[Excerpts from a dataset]
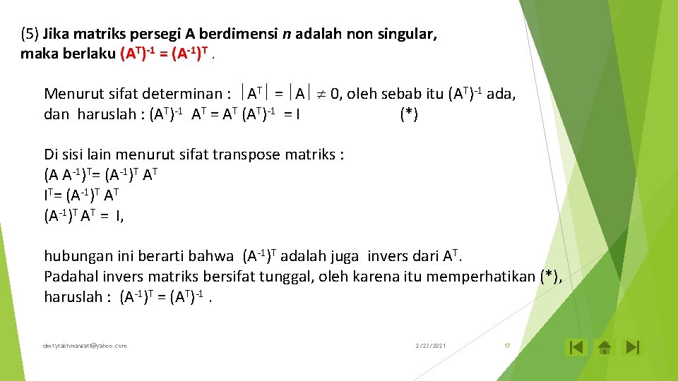 (3) Matriks invers bersifat nonsingular (determinannya tidak nol ) det (A A-1) = det (A) det (A-1) det (I) = det (A) det (A-1) 1 = det (A) det (A-1) ; karena det (A) 0 , maka : det (A-1) = (4) Jika A dan B masing-masing adalah matriks persegi berdimensi n, dan berturut-turut A-1 dan B-1 adalah invers dari A dan B, maka berlaku hubungan : (AB)-1 = B-1 A-1 di sisi lain : (AB)-1 (AB) (B-1 A-1) (AB) = (AB)-1 (AB) = A(BB-1) A-1 = B-1(A-1 A) B =I = A I A-1 = B-1 I B = A A-1 = I = B-1 B = I Menurut sifat (1) di atas matriks invers bersifat uniqe (tunggal), karena itu dari (*) dan (**) dapatlah disimpulkan bahwa (AB)-1 = B-1 A-1. destyrakhmawati@yahoo. com 2/23/2021 16 (*) (**)
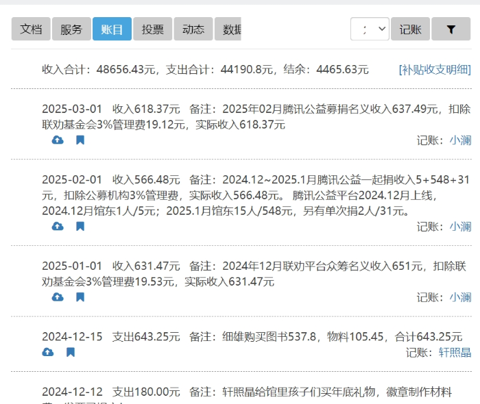 | 备用金 | 由微澜图书馆整体统筹使用,用于各馆运营中可能出现的意外事件处理,如未开支,则一直留存备用 | 500.00 元 |
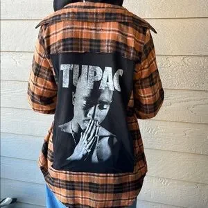 Tupac Shakur Upcycled Flannel Shirt with Hood Size Medium M Handmade
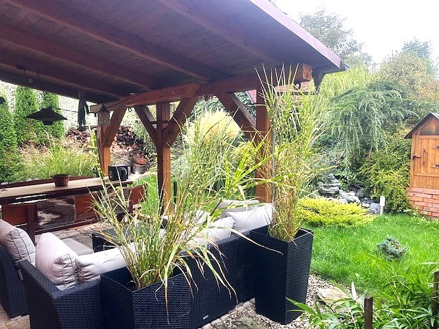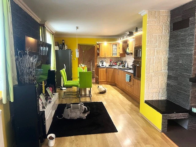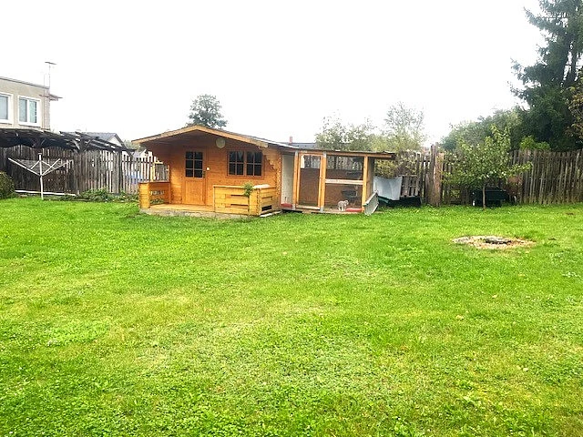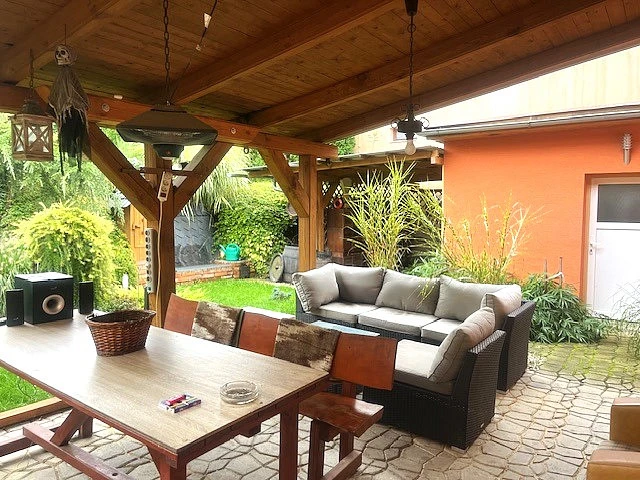 Dům je dispozičně řešený jako 5+kk a jeho velkým bonusem je prostorné a kryté posezení za domem se samostatnou kuchyní. Tento prostor poskytuje naprosté soukromí a navazuje na rozlehlou zahradu s ovocnými stromy, na které se nachází dřevěný domek. Zahrada je ideálním místem pro relaxaci, aktivity s rodinou nebo zahradničení.
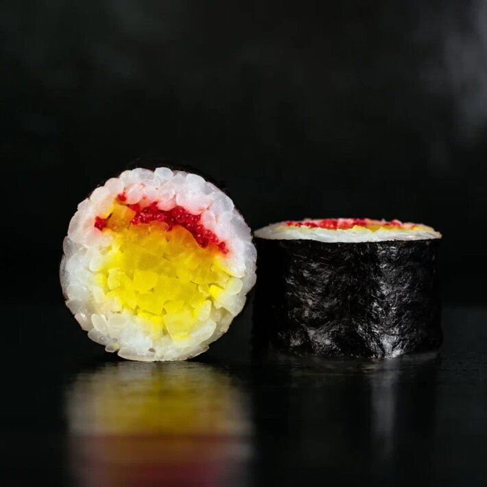 Состав: рис, нори, дайкон (маринованный редис), икра "Масаго".
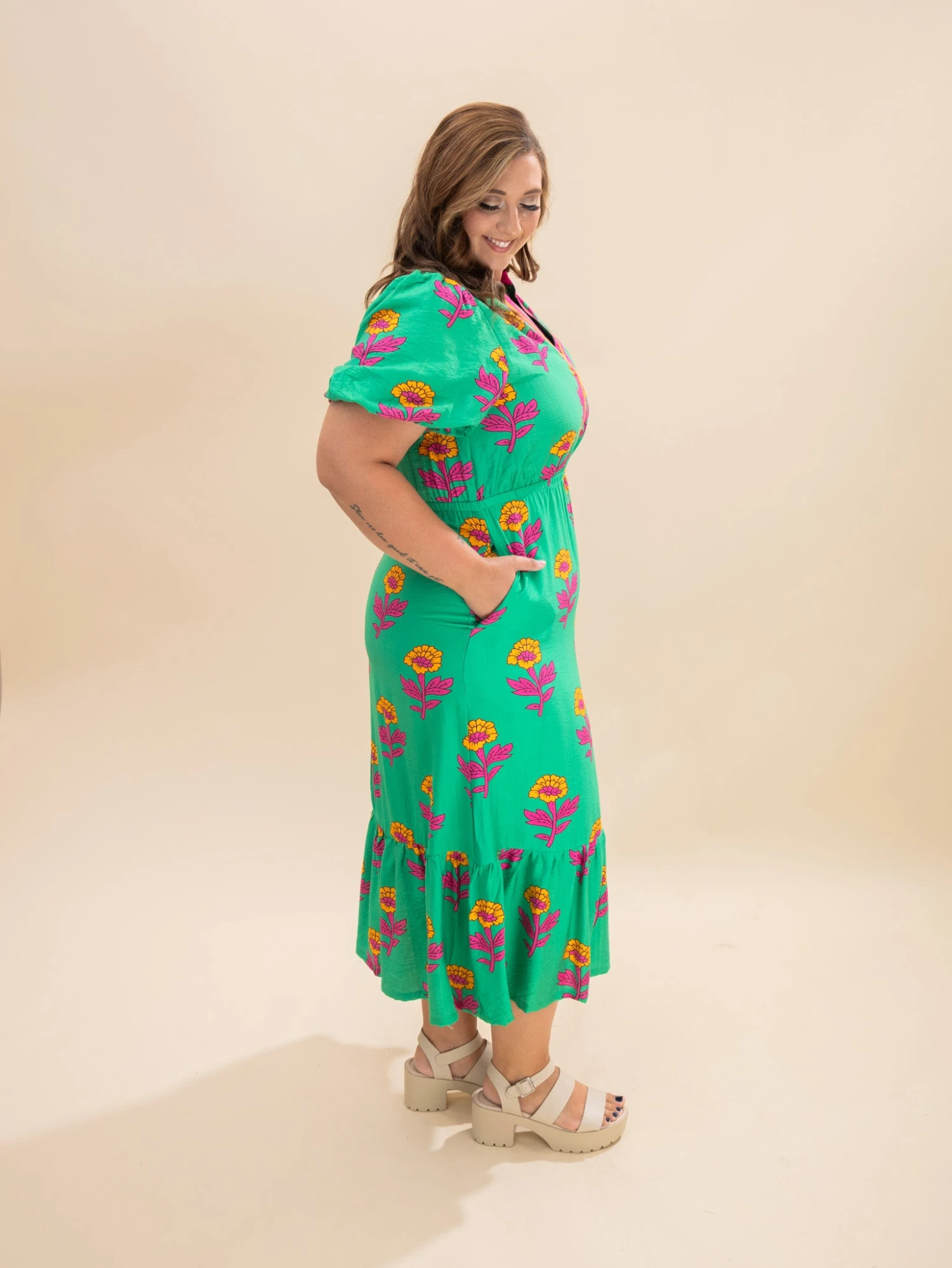 Features: V Neck, Elastic Puff Sleeves, Pockets, Elastic Waist, Ruffle Hem, Large Printed Floral Midi Dress
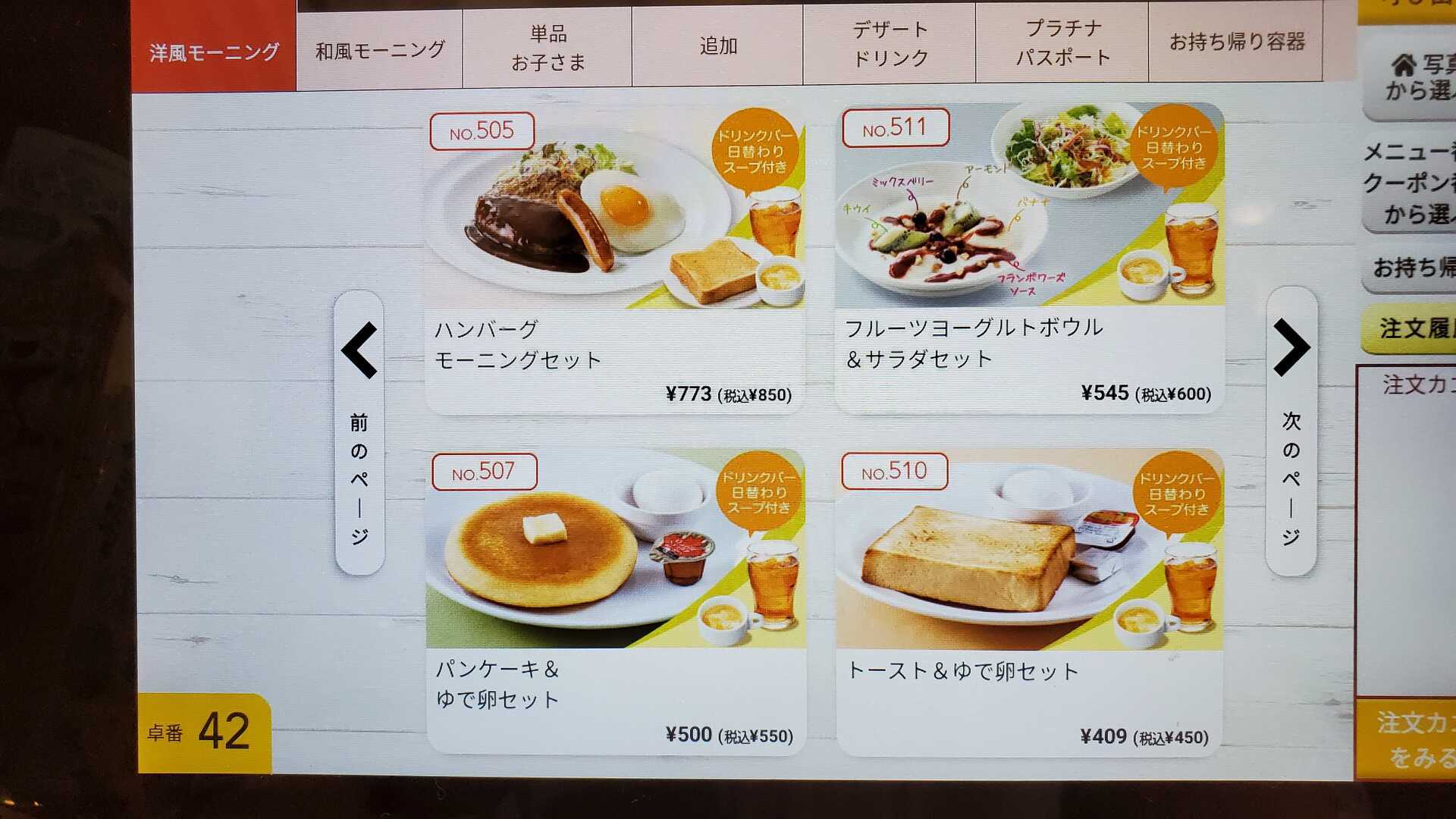 朝食モーニングに付くドリンクバーやテイクアウトについては以下記事にて詳しく解説していますので、あわせて参考にしてみて下さい。
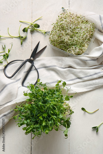 © Pixel-Shot, Naklejka premium Composition with fresh micro green sprouts, napkin and scissors on light wooden background
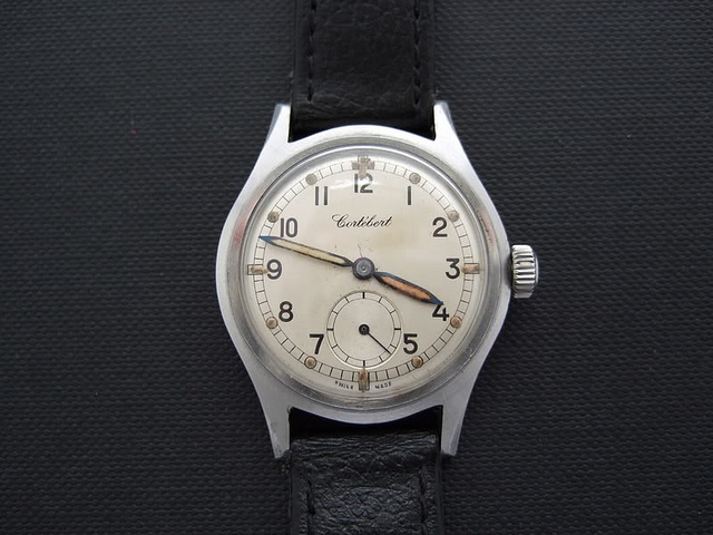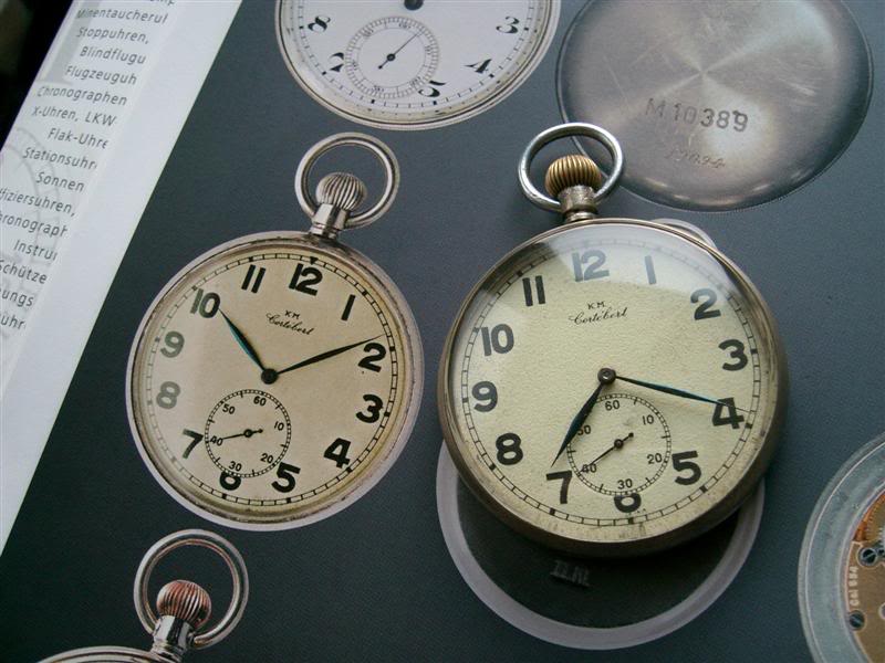 Džepni sat Cortébert ( Kriegsmarine ) , mehanizam nosi oznaku 554, 17 rubina, prečnik sata je 40 mm. Može se videti sastrugana vojna oznaka sa poklopca sata. To nije tako retka pojava , mnogi su skidali oznake sa svojih službenih satova kako bi prikrili učešće u ratu .
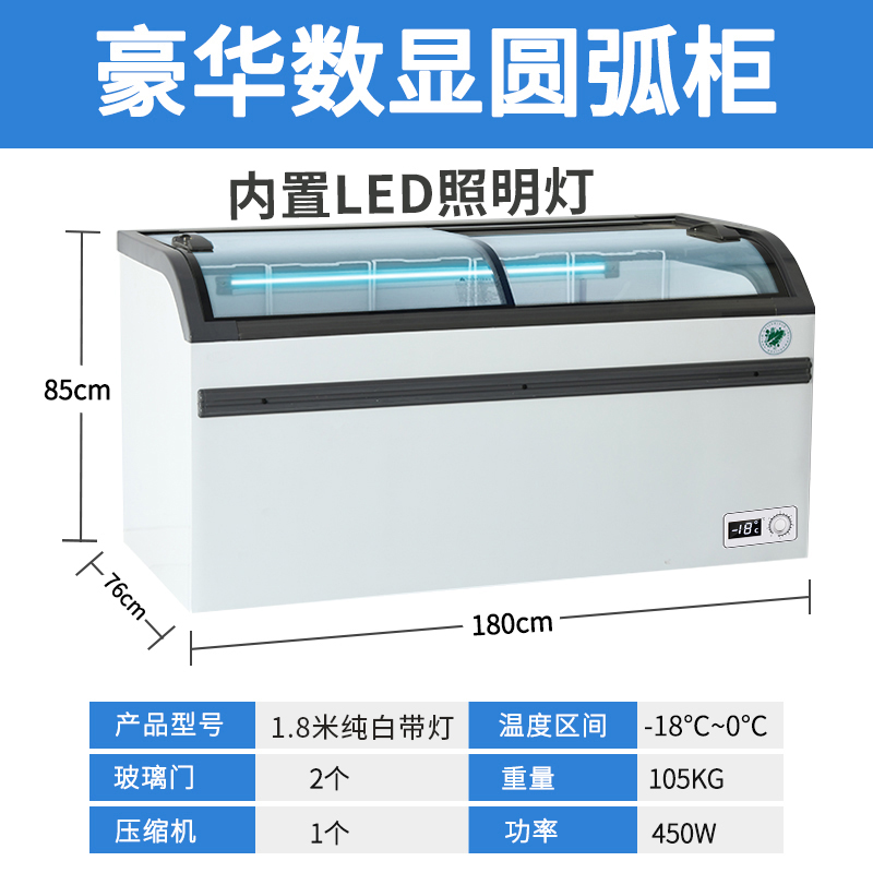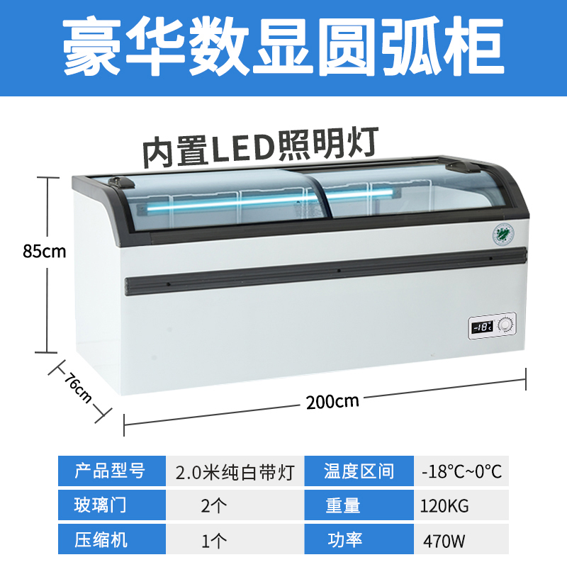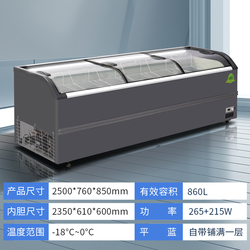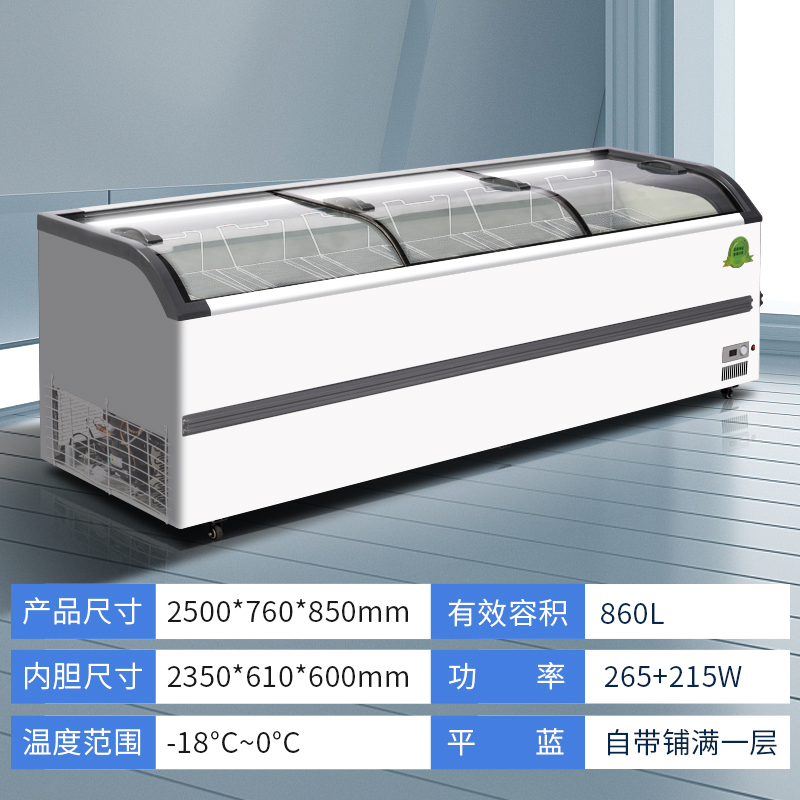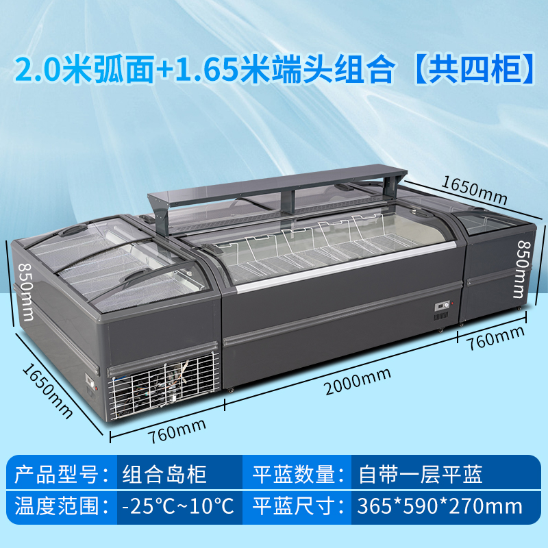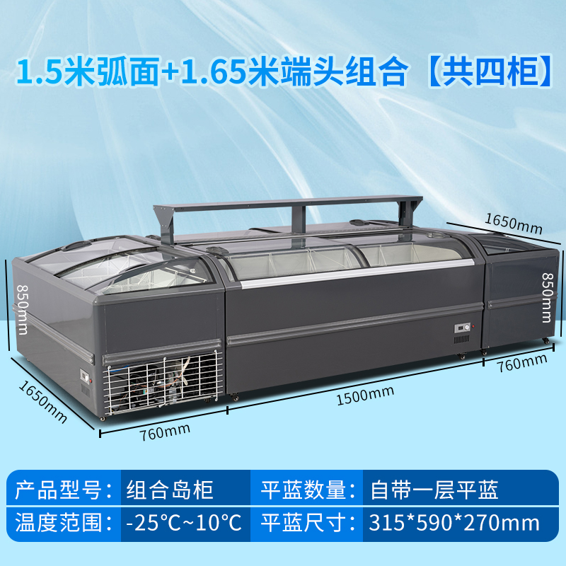 수평 냉장 상업용 대용량 아크 투명 유리 아이스크림 캐비닛 슈퍼마켓 조합 냉동 디스플레이 캐비닛 섬 캐비닛

Exercise directions:
Among the entries above, take the lines from the one with "由微澜图书馆整体统筹使用,用于各馆运营中可能出现的意外事件处理,如未开支,则一直留存备用 | 500.00 元 |" through the one with "Состав: рис, нори, дайкон" and retype them exactly, leaving out the pictures.

Result for this exercise:
 | 备用金 | 由微澜图书馆整体统筹使用,用于各馆运营中可能出现的意外事件处理,如未开支,则一直留存备用 | 500.00 元 |
 Tupac Shakur Upcycled Flannel Shirt with Hood Size Medium M Handmade
 Dům je dispozičně řešený jako 5+kk a jeho velkým bonusem je prostorné a kryté posezení za domem se samostatnou kuchyní. Tento prostor poskytuje naprosté soukromí a navazuje na rozlehlou zahradu s ovocnými stromy, na které se nachází dřevěný domek. Zahrada je ideálním místem pro relaxaci, aktivity s rodinou nebo zahradničení.
 Состав: рис, нори, дайкон (маринованный редис), икра "Масаго".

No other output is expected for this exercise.